Respiratory rate may be increased because of hypoxia (e.g., in pneumonia) but will often remain elevated despite correction of PaO 2 as worsening perfusion generates a metabolic acidosis requiring respiratory compensation.[2]
Never ignore tachypnoea. Respiratory rate is an excellent marker of physiological compromise that is poorly utilised and often overlooked.
uncommon
hypothermia
Persistent hypothermia that is resistant to treatment is rare but is the most obvious clinical sign of end-stage irreversible shock of any cause.[25]
Hypothermia may be due to vasoconstriction and can also be seen in patients with trauma.
Other diagnostic factors
uncommon
abdominal pain
May be due to the underlying cause, which includes the following.[1]
Ruptured abdominal aortic aneurysm, which classically presents with loin pain and is associated with haemorrhagic shock.
Sepsis with a pelvic or abdominal source of infection, which is associated with distributive shock.
Ruptured ectopic pregnancy or ovarian cyst, or postpartum bleeding secondary to a placenta praevia or placental abruption, which are associated with haemorrhagic shock. Anaphylaxis can less commonly cause abdominal pain, vomiting, or incontinence and is associated with distributive shock.
Diabetic ketoacidosis (hypovolaemic shock) is also associated with abdominal pain.
peripheral oedema
raised jugular venous pressure (JVP)
Examine the JVP with the patient lying ideally at 45° to 60° with the neck extended to the opposite side. Measure the vertical height from the sternal angle.
In normal healthy people this should be less than 3 cm.
Marked distention suggests cardiac tamponade, tension pneumothorax, or right heart failure (e.g., massive pulmonary embolism or myocardial infarction).
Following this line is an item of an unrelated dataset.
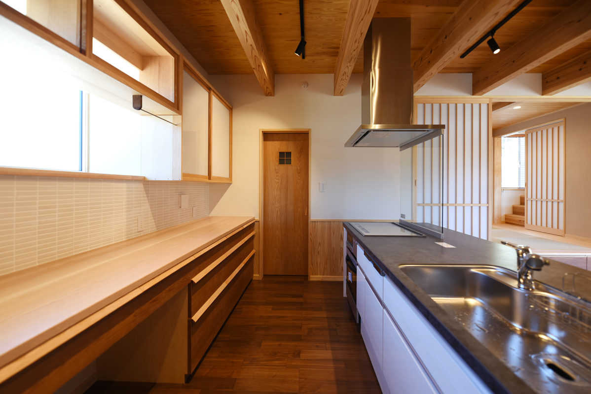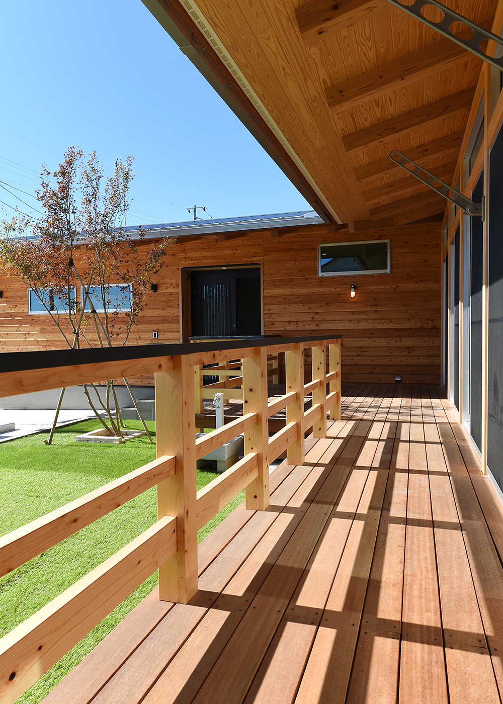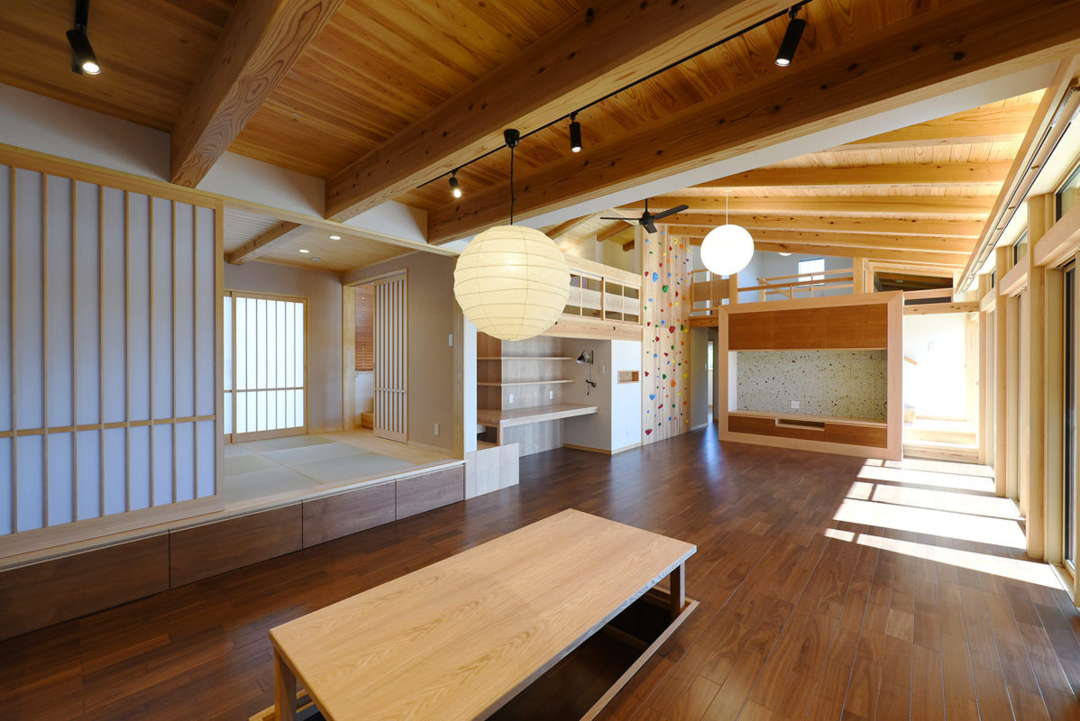 お子さん5人が家の中でものびのび遊べることと、できるだけ平屋がいいという建主さんの依頼に、一部2階建てのプランを提案。軒を深く出すことと、2階建て部分の1階と2階の天井高を低く設定して、外観からは平屋のような佇まいです。

muffled or quiet heart sounds
This is a typical finding in cardiac tamponade (obstructive shock), especially when there is concurrent raised JVP.[71]
arrhythmia
Examples include fast atrial fibrillation, ventricular tachycardia, and bradyarrhythmias. These are causes of cardiogenic shock.
petechial rash
A classic finding in meningococcal sepsis.
urticarial rash
Look for weals that may be pale, pink, or red, and may look like nettle stings and are usually itchy.
Associated with anaphylaxis, which causes distributive shock.
angio-oedema
Look for swelling that most commonly affects the eyelids and lips, and sometimes in the mouth and throat.[47]
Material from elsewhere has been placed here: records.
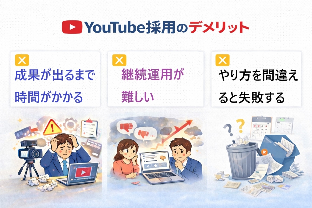 YouTubeは採用活動において多くのメリットがありますが、始めればすぐに成果が出るわけではありません。導入前に理解しておきたいデメリットを解説します。
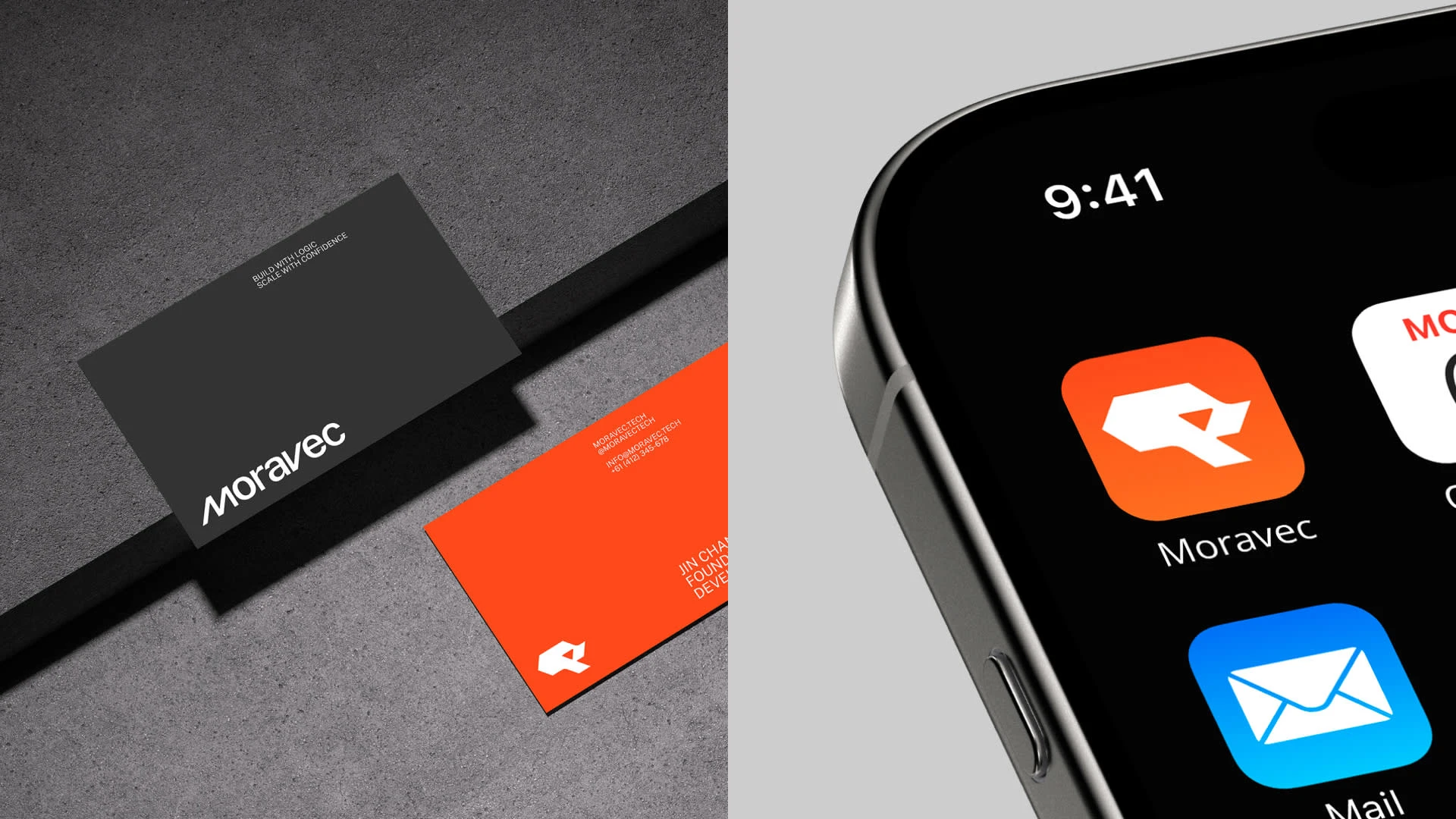 Designed for a developer ready to grow beyond freelancing, the brand pairs minimal aesthetics with technical precision, capturing the calm, considered approach Moravec brings to complex digital challenges.
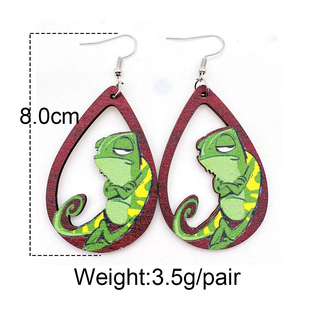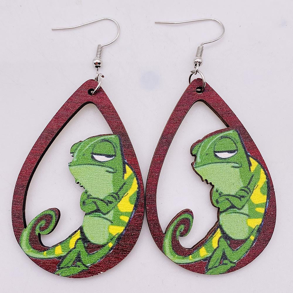 Orecchini vuoti di legno all'ingrosso della cavità del camaleonte della rana del fumetto di legno
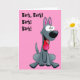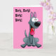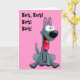 Den grå hund på framsidan och insidan av detta kort. "Bark!" överst på framsidan och "elaken kommer snart" in.
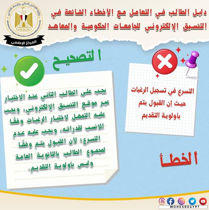 وناشدت وزارة التعليم العالي بوسائل الإعلام المختلفة، نشر الأدلة الإرشادية والوسائل التوضيحية للطلاب؛ لتعريفهم بها خلال فترة التنسيق الإلكتروني للجامعات الحكومية والمعاهد.
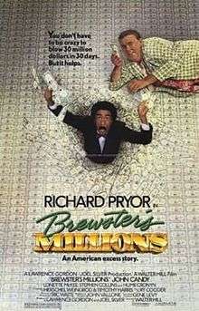 Brewster's Millions is a 1985 comedy film starring Richard Pryor and John Candy based on the 1902 novel of the same name by George Barr McCutcheon. It is the seventh film based on the story, with a screenplay by Herschel Weingrod and Timothy Harris. It was directed by Walter Hill.
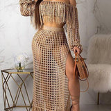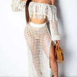 - Bateau Collar, Long Sleeves, Long Tassels, Mesh, Slit Left

Assess for signs of stridor or bronchospasm.
The patient may have a hoarse voice.
Immediate treatment is needed if the airway is compromised.
Associated with anaphylaxis.
reduced breath sounds on one side of the chest
Indicates a pneumothorax but not necessarily a tension pneumothorax.[103]
Could indicate pneumonia or large pleural effusion.
tracheal deviation
Late sign of a tension pneumothorax.[103]
Tension pneumothorax is associated with obstructive shock.
See Tension pneumothorax.
distended bladder
This is a feature of neurogenic shock.
Neurogenic shock is a type of distributive shock.
A bladder scan can assess the volume of urine.
flaccid paralysis of the limbs
This supports a diagnosis of neurogenic shock.